Remember Who We Are To Each Other: Sisters & Brothers — All through the Scriptures, followers of Jesus are referred to as sisters and brothers. We’re family. So for the third and final movement of the night, spend some time being open to people sharing their impossible prayers. Where do each of us need help praying in defiance adoration? As people are comfortable to share, bear their burden with them in prayer. Have someone ask God on behalf of each person who shares. Alternatively, if this process has stirred up faith in someone, and they feel compelled, invite people to share something that they believe about God, as a way of building up the faith of others in the room.

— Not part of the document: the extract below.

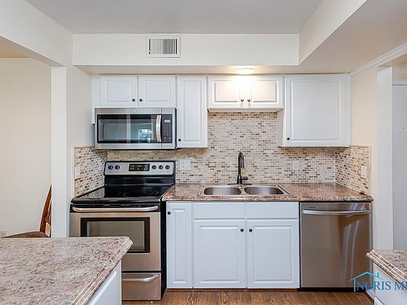 Updated & move in ready! New HVAC & walk in shower (2024); SS kitchen appliances (2023) & new counters w/snack bar. New bathroom vanities & sinks (2021), replacement windows & new sliding door opens to a paving stone patio. Laminate flooring in entry, hall & kit, new light fixtures plus interior is freshly painted (2024). Private storage area & underground parking space. Condo fee pays for gas, water/sewer; ext. maintenance, ext. hazard ins., trash, lawn care, snow removal & use/maintenance of the inground pool. Owner only pays for electric.

When your time is done, close in prayer, asking God to continue to remind you all who he is, who we are, and who we are to each other.
Practice for the Week Ahead
For the week ahead, there are a few options.
1. Remember Again — Maybe the Practice you did tonight was really helpful for some people and they want to repeat it. Simply follow the prompts again, changing them as you need and feel led.
2. Pray Scripture — Sometimes it is really helpful to pray another person’s words when you don’t know where to start, especially when you’re praying prayers of defiant adoration. Use Jesus’ prayer in Matthew 6v9-13 as a template to begin your own conversation with God. Or, perhaps use one of David’s Psalms (like Psalm 139) to start talking with God.
3. Look At Jesus — Sometimes we can get so lost in our circumstances and what we think we should be doing or praying or feeling that our connection in prayer feels somewhat fuzzy. Whether your find an artistic rendering of Jesus online or you simply imagine him, spend some time looking at him and spend some time remembering who he is, what first drew you to him, and what he might say to you were he physically with you.
Close in Prayer
Before you end your time together, pray, asking the Spirit of God to fill and empower you to pray as you can. Take some time to pray for other prayer requests as they come up.